►

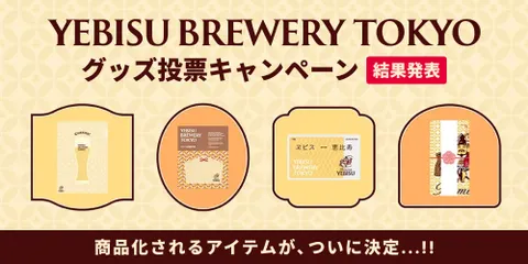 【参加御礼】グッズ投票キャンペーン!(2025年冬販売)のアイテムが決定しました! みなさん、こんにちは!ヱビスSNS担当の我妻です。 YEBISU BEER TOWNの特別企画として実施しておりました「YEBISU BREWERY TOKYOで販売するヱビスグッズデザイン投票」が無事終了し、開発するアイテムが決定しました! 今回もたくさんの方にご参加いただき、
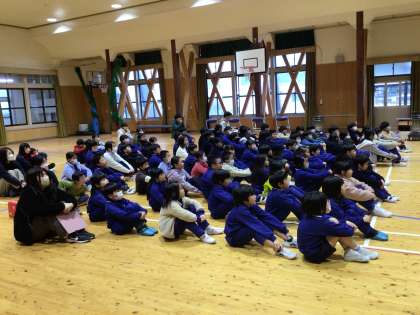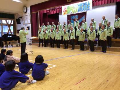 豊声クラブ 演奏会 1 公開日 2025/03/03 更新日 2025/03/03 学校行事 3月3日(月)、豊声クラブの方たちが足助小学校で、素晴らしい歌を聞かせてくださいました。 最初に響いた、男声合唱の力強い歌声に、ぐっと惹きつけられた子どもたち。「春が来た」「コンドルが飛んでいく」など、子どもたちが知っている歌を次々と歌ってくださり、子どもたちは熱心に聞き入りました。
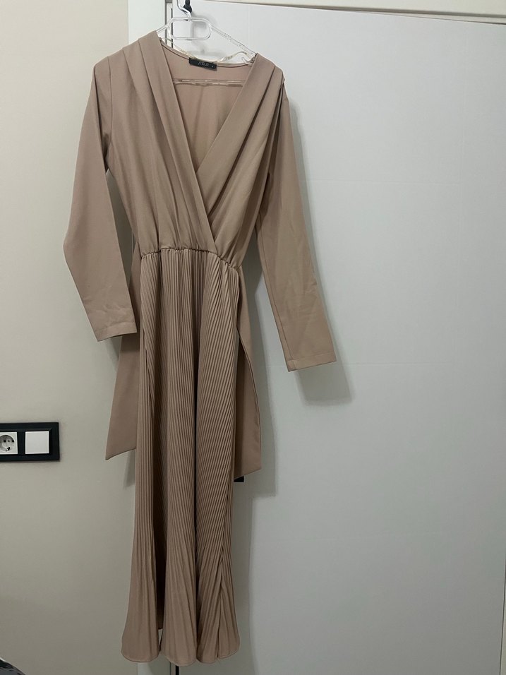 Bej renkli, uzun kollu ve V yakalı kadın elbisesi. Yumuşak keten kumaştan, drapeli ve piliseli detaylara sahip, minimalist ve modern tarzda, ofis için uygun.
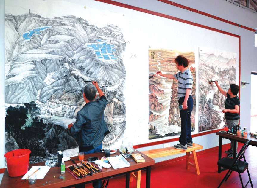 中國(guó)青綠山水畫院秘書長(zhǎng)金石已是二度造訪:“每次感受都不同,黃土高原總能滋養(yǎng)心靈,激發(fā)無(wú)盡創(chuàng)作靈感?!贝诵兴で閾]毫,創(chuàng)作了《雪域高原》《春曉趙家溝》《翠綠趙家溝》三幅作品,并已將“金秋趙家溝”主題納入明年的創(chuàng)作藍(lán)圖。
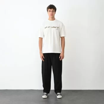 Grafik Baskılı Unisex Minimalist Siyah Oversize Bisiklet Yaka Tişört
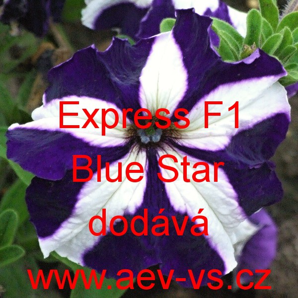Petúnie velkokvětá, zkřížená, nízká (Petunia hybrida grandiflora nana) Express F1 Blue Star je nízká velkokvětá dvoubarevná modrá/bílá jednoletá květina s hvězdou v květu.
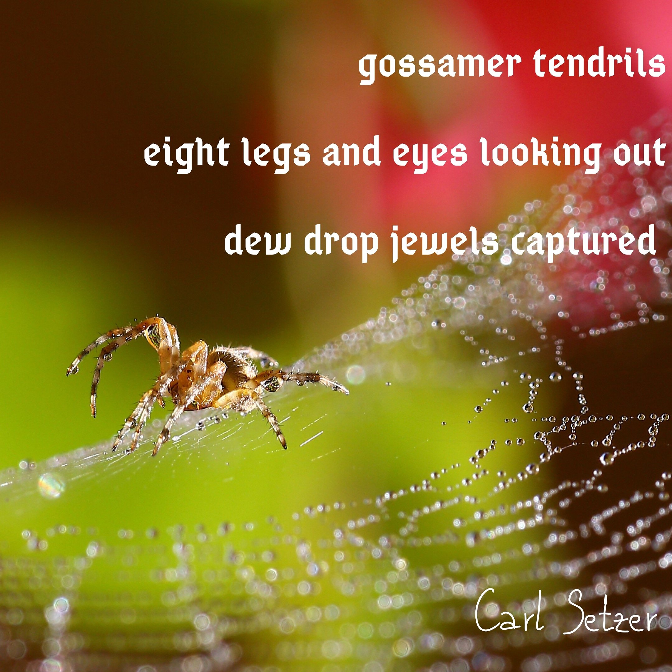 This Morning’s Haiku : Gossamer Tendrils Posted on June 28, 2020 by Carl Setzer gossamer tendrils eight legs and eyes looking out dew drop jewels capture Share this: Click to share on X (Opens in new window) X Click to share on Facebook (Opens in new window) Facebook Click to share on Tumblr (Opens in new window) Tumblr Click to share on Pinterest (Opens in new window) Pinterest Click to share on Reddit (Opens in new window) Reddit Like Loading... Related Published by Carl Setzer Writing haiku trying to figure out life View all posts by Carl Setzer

◄

Exercise — Output, exactly and with no pictures, every line from the one that contains "豊声クラブ 演奏会 1" through the final line of the entries.

Response box —
 豊声クラブ 演奏会 1 公開日 2025/03/03 更新日 2025/03/03 学校行事 3月3日(月)、豊声クラブの方たちが足助小学校で、素晴らしい歌を聞かせてくださいました。 最初に響いた、男声合唱の力強い歌声に、ぐっと惹きつけられた子どもたち。「春が来た」「コンドルが飛んでいく」など、子どもたちが知っている歌を次々と歌ってくださり、子どもたちは熱心に聞き入りました。
 Bej renkli, uzun kollu ve V yakalı kadın elbisesi. Yumuşak keten kumaştan, drapeli ve piliseli detaylara sahip, minimalist ve modern tarzda, ofis için uygun.
 中國(guó)青綠山水畫院秘書長(zhǎng)金石已是二度造訪:“每次感受都不同,黃土高原總能滋養(yǎng)心靈,激發(fā)無(wú)盡創(chuàng)作靈感?!贝诵兴で閾]毫,創(chuàng)作了《雪域高原》《春曉趙家溝》《翠綠趙家溝》三幅作品,并已將“金秋趙家溝”主題納入明年的創(chuàng)作藍(lán)圖。
 Grafik Baskılı Unisex Minimalist Siyah Oversize Bisiklet Yaka Tişört
Petúnie velkokvětá, zkřížená, nízká (Petunia hybrida grandiflora nana) Express F1 Blue Star je nízká velkokvětá dvoubarevná modrá/bílá jednoletá květina s hvězdou v květu.
 This Morning’s Haiku : Gossamer Tendrils Posted on June 28, 2020 by Carl Setzer gossamer tendrils eight legs and eyes looking out dew drop jewels capture Share this: Click to share on X (Opens in new window) X Click to share on Facebook (Opens in new window) Facebook Click to share on Tumblr (Opens in new window) Tumblr Click to share on Pinterest (Opens in new window) Pinterest Click to share on Reddit (Opens in new window) Reddit Like Loading... Related Published by Carl Setzer Writing haiku trying to figure out life View all posts by Carl Setzer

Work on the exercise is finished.